I jumped from my branch, falling earthward, grabbing vines at the last second to break my fall. I ran out onto the sandy bank, waving my arms and shouting, “Hey! Hey!” The outboard motor must have drowned out my shouts, because he was only about a hundred feet away when he finally saw me. I could see instantly that he wasn’t as cool-headed about my appearance as his cousin had been. The next thing I knew he was on his feet, aiming a big ass double-barreled shot gun in my direction. BOOM! He let loose with both barrels.
I winced as buckshot peppered my flesh. The force of the shot knocked him off balance. He fell backward, disappearing into the water. The now unguided boat banked sharply toward the shore, coming to rest a few yards upstream.
On the far side of the river, I saw the guy climb onto the bank. He took one look back at me, then vanished into the woods with cartoonish speed.
“I’m going to borrow your boat!” I called out. “Thanks!”
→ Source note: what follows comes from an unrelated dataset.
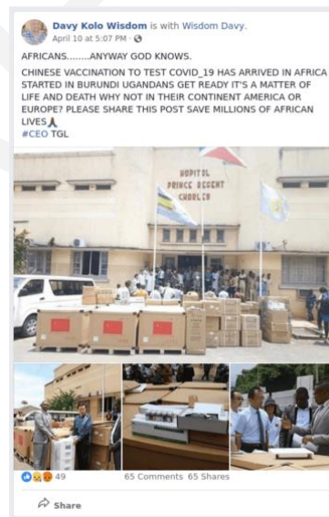
Figure 1. Social media posts collected from AFP Fact Check that were used in the survey

I pushed the boat into the current and jumped in. The motor had stalled out when the propeller hit the sandy bottom next to the shore. I started it up again with a single yank of the pull rope. I steered into the middle channel, then took an inventory of what my benefactor had left behind. A classic style metal lunch box, the sort that construction workers carry, held a freaking spam sandwich made with a greasy biscuit. I tore into it, groaning with pleasure as I swallowed. There was the salt I’d been craving. The lunch box also held a sad looking banana and a small paper bag full of peanuts still in the shell. I made short work of the banana and started tearing through the peanuts when I spotted the two glass jugs tucked under the middle seat of the boat. I pulled them out. Both were heavy with fluid. I unscrewed the caps and sniffed. Gasoline in the first one. In the second… water. I eyed it suspiciously. I’d been living off juice for days without getting sick. Did I want to risk my stomach on water of unknown origin? My brain said no, but my body said yes, and before I could argue with myself I’d drank at least a quart. Objectively, it was pretty terrible water, sulfurous, leaving me belching the scent of rotten eggs. But, at that moment, it was the best water I’d had in maybe a week. I had nothing to complain about.